Salgının göçmen işçiler özelinde oluşturduğu riskler yalnızca iş kaybı ile sınırlı kalmamaktadır. İşlerine devam eden göçmenler, çalışma ve yaşama şartlarına bağlı olarak virüsün etkilerine açık haldedirler. İşçilerin dünyanın pek çok bölgesinde hijyen şartlarının yetersiz olduğu kalabalık işçi kamplarında konaklıyor olmaları bu durumun temel nedenidir.
Göçmen işçilerden farklı olarak bir ekonomik kaygıyla değil zorunluluklar dolayısıyla yaşadıkları yeri terk eden göçmenler olan mülteciler de çoğunlukla göçmen işçilere benzer şekilde yetersiz hijyen koşullarına sahip ve kalabalık, dolayısıyla da virüsün yayılmasına imkan veren alanlarda yaşamaktadırlar. Bazı mülteci gruplarının göçleri ise henüz güvenli bir noktaya erişme imkânı dahi bulamadan salgın nedeniyle engellenmiştir, zira virüsün ülkelerinde yayılmasının önüne geçmek isteyen pek çok hükümet, sığınma ve göç işlemlerini dondurmuştur.
Mülteci ya da işçi kampları gibi düzenli göçmen konaklama bölgelerinde bulunan göçmenlere ek olarak, göz ardı edilmemesi gereken bir başka göçmen grubu da düzensiz göçmenlerdir.

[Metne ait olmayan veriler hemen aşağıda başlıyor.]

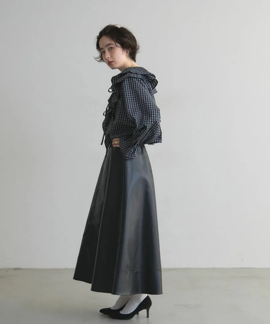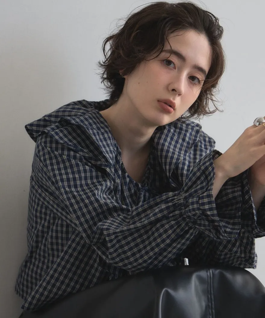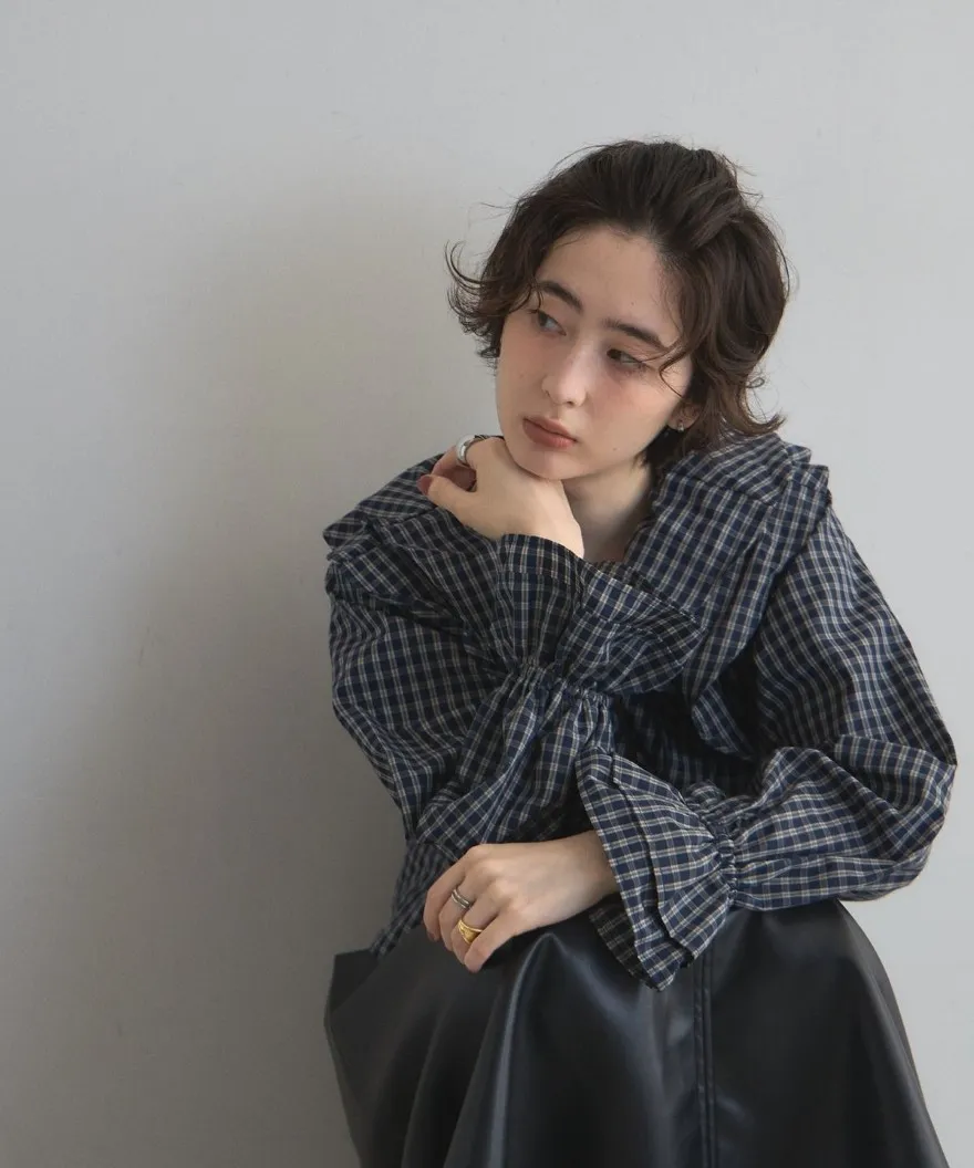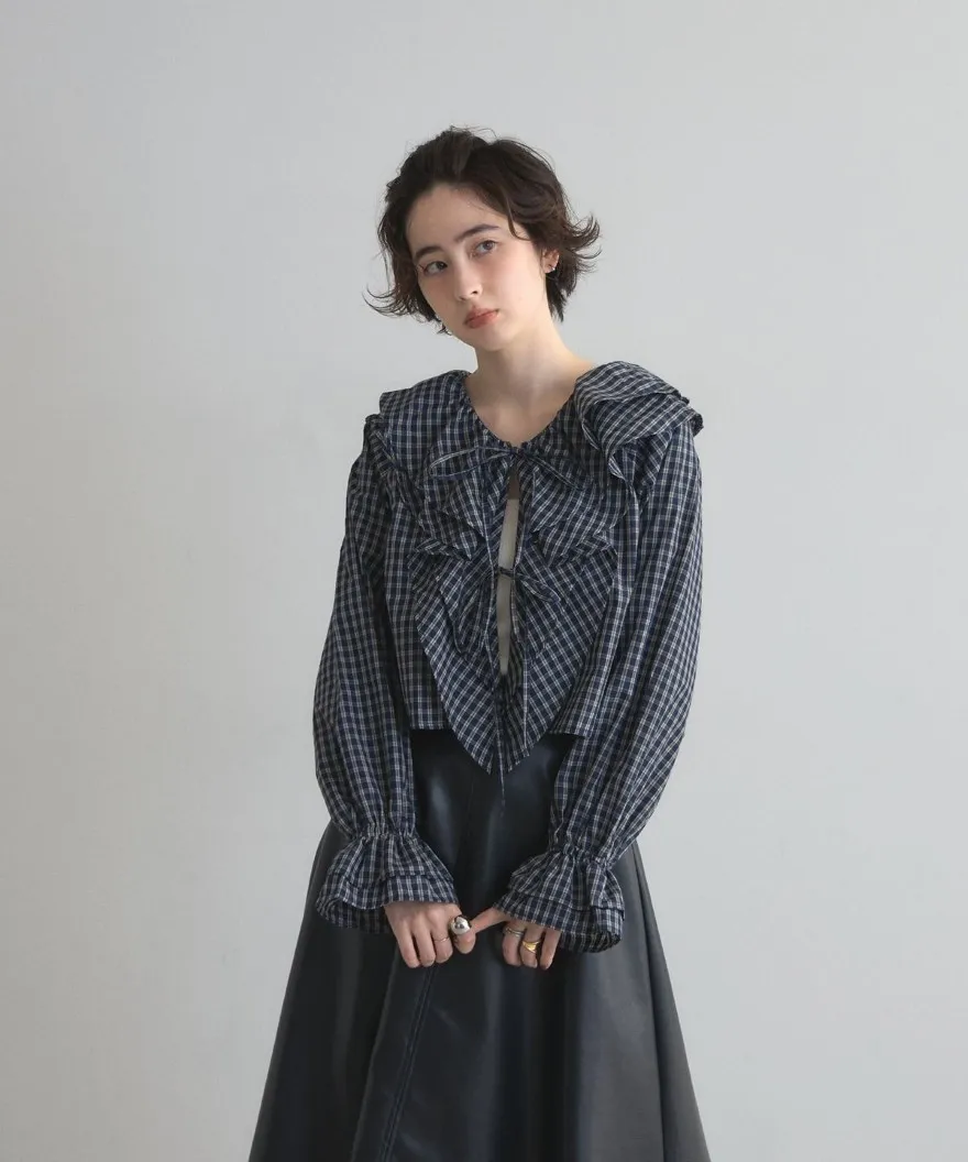 期間限定特價~立體浪漫層次荷葉短版格紋罩衫
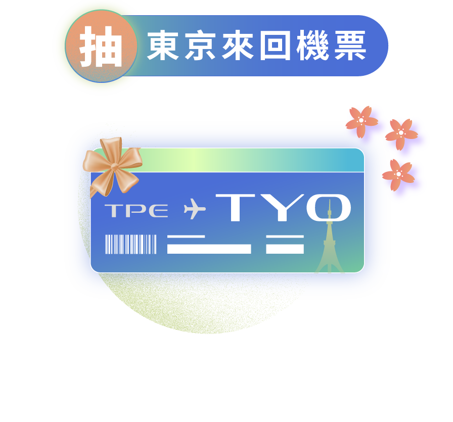 - 。滿額抽獎獎項包含東京台北來回機票一名、Apple iPad Pro 一名。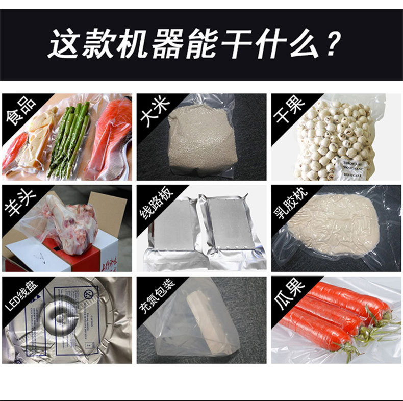 - 內(nèi)抽式真空包裝機(jī):適用于各種形狀、尺寸和質(zhì)地的產(chǎn)品,尤其是對(duì)包裝密封性要求較高、需要完全隔絕空氣的產(chǎn)品,如食品、電子元件、藥品等。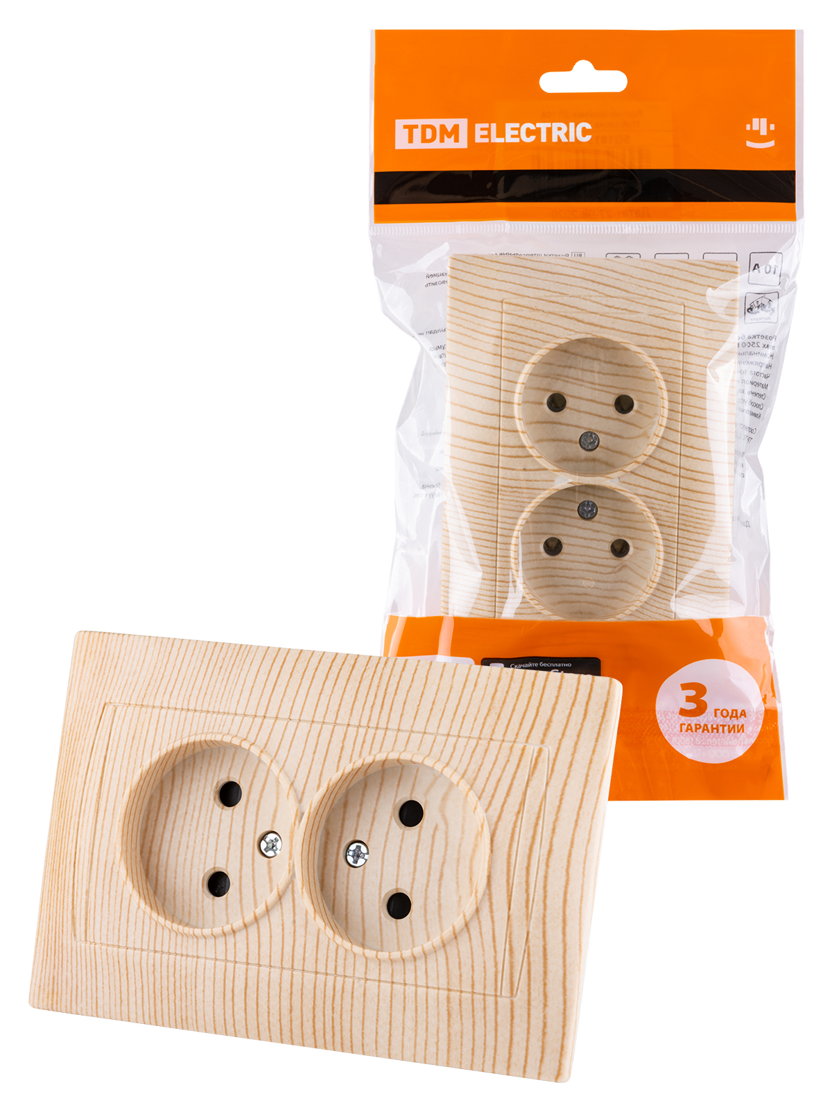 Розетка двойная 2П 10А 250В с защ. шт. сосна "Лама" TDM

Birçok ülkenin virüsün yayılmasını önlemek için uluslararası insan hareketliliğini durdurmaya karar vermesiyle, ev sahibi ülkeden uzaklaştırılmalarına karar verilen düzensiz göçmenler gözaltı merkezlerinde tutulmak zorunda kalmışlardır. Bu merkezlerin koşulları ise uluslararası camiada yankı bulduğu üzere kapasite üstü kalabalıklığı, sağlık hizmetlerine erişimin yetersizliği ve hijyen koşullarının zayıflığı ile bilinmektedir.
Özetle, salgınla mücadele sürecinde yürütülen uygulamalar ve alınan tedbirlerde göçmenlerin göz ardı edilmemesi hayati önem taşımaktadır. Göçmen işçiler için hayata geçirilebilecek ekonomik etki azaltma tedbirleri sayesinde bu kişilere güvenli bir alan sağlanması mümkündür. Esasen sağlık krizinin derinleşmemesi için bu tür tedbirlerin alınması elzemdir. Mültecilerin yaşama alanlarında ise gerekli sağlık ve hijyen koşullarının sağlandığından emin olunmalıdır. Ayrıca kriz döneminde toplum içerisinde yabancı düşmanlığı ve göçmenlere karşı ayrımcılık davranışlarının ortaya çıkma ihtimalinin olduğu göz önüne alınmalı ve bu konuda da tedbirler geliştirilmelidir.